> [Instructions to follow]: Give back the entries exactly as they read, leaving each image out.

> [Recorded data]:
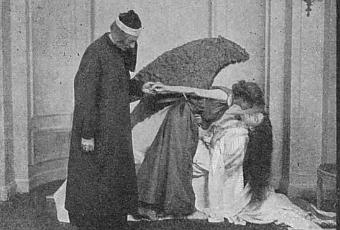 And you will also remember from this post, there was a fascination to recreate Victorian paintings in photos at around the turn of the century, as in the 1894 article about whether a photo could be as effective as the painting it was based on. I also knew this came out of a tradition of tableaux vivants which were from the medieval period but very popular in the 19th century and featured people recreating a scene or painting in a static manner. The difference between this and poses plastiques is very little but in the latter you are more likely to be a woman with her boobs out. Moving on.
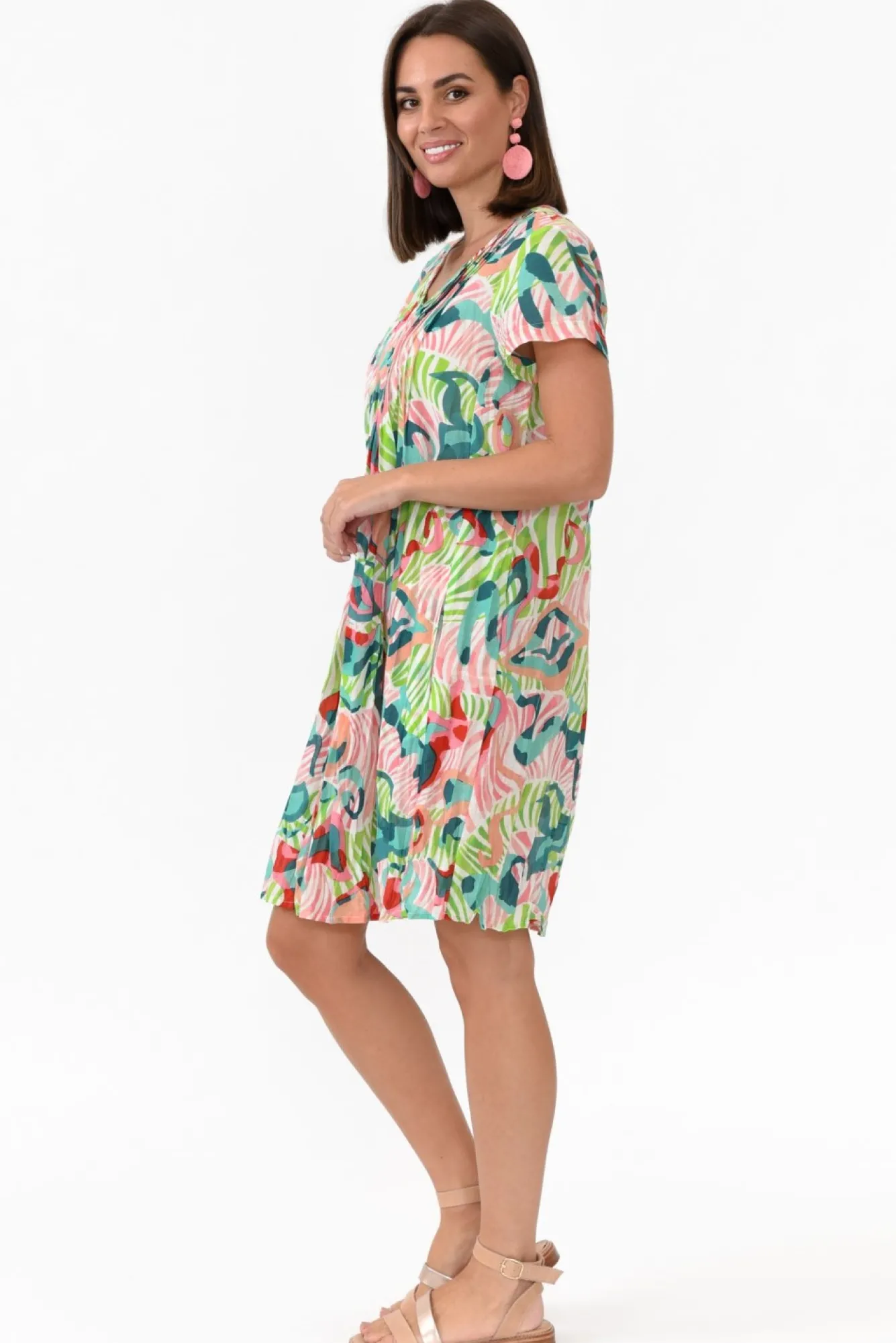 Fit: True To Size. Refer To Size & Fit Tab Below For Specific Size RecommendationNNfabric: 100% CottonNlightweight, Breathable, Non-Stretch Crinkle Cotton Fabric With A Lovely Soft Hand FeelNdainty V-Neckline Featuring Button Detailing From Bust To WaistNNdelicate Pleating Adorns The Bust Nclassic Short SleevesNtwo Discreet Hip PocketsNa-Line Silhouette Flows Over CurvesNabove Knee Length Dress With A Simple Straight HemlineNNcare: Cool Gentle Hand Wash RecommendedNNcolour: Summery Swirl Pattern Of Green, Pink And Blue HuesNNfabric Tip: Twist The Garment, Fold In Half And Secure With A Rubber Band To Store After Washing And Drying To Keep The Crinkle AliveNNstyle Tip: We Recommend Pairing With Your Favourite Slip For Additional Coverage
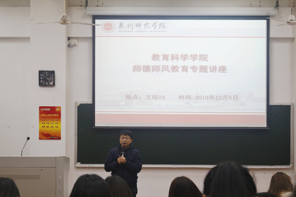 12月5日下午,教育科学学院学前教育专业于文科楼召开以“依法执教,成就教师梦想”为主题的师德师风教育专题讲座,专业副主任邓岳敏担任主讲人。
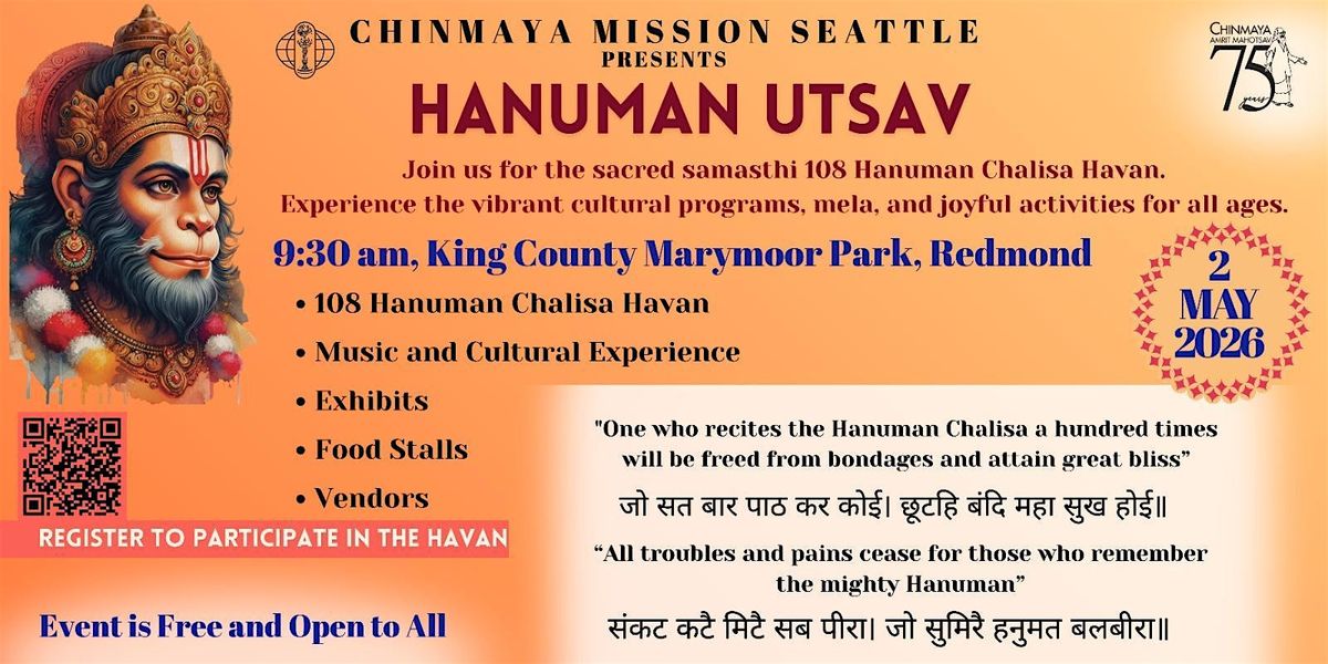 Chinmaya Mission Seattle’s Hanuman Utsav with it’s highlight, the Sacred Samashti Hanuman Chalisa Havan, is almost here! We warmly invite you to this fabulous opportunity to partake in the power of the Hanuman Chalisa!
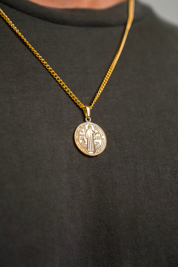 The ST BENEDICT Gold pendant serves as a reminder of your faith and devotion, guiding you in times of trial and leading you towards the light.

> [Response to this task]:
 And you will also remember from this post, there was a fascination to recreate Victorian paintings in photos at around the turn of the century, as in the 1894 article about whether a photo could be as effective as the painting it was based on. I also knew this came out of a tradition of tableaux vivants which were from the medieval period but very popular in the 19th century and featured people recreating a scene or painting in a static manner. The difference between this and poses plastiques is very little but in the latter you are more likely to be a woman with her boobs out. Moving on.
 Fit: True To Size. Refer To Size & Fit Tab Below For Specific Size RecommendationNNfabric: 100% CottonNlightweight, Breathable, Non-Stretch Crinkle Cotton Fabric With A Lovely Soft Hand FeelNdainty V-Neckline Featuring Button Detailing From Bust To WaistNNdelicate Pleating Adorns The Bust Nclassic Short SleevesNtwo Discreet Hip PocketsNa-Line Silhouette Flows Over CurvesNabove Knee Length Dress With A Simple Straight HemlineNNcare: Cool Gentle Hand Wash RecommendedNNcolour: Summery Swirl Pattern Of Green, Pink And Blue HuesNNfabric Tip: Twist The Garment, Fold In Half And Secure With A Rubber Band To Store After Washing And Drying To Keep The Crinkle AliveNNstyle Tip: We Recommend Pairing With Your Favourite Slip For Additional Coverage
 12月5日下午,教育科学学院学前教育专业于文科楼召开以“依法执教,成就教师梦想”为主题的师德师风教育专题讲座,专业副主任邓岳敏担任主讲人。
 Chinmaya Mission Seattle’s Hanuman Utsav with it’s highlight, the Sacred Samashti Hanuman Chalisa Havan, is almost here! We warmly invite you to this fabulous opportunity to partake in the power of the Hanuman Chalisa!
 The ST BENEDICT Gold pendant serves as a reminder of your faith and devotion, guiding you in times of trial and leading you towards the light.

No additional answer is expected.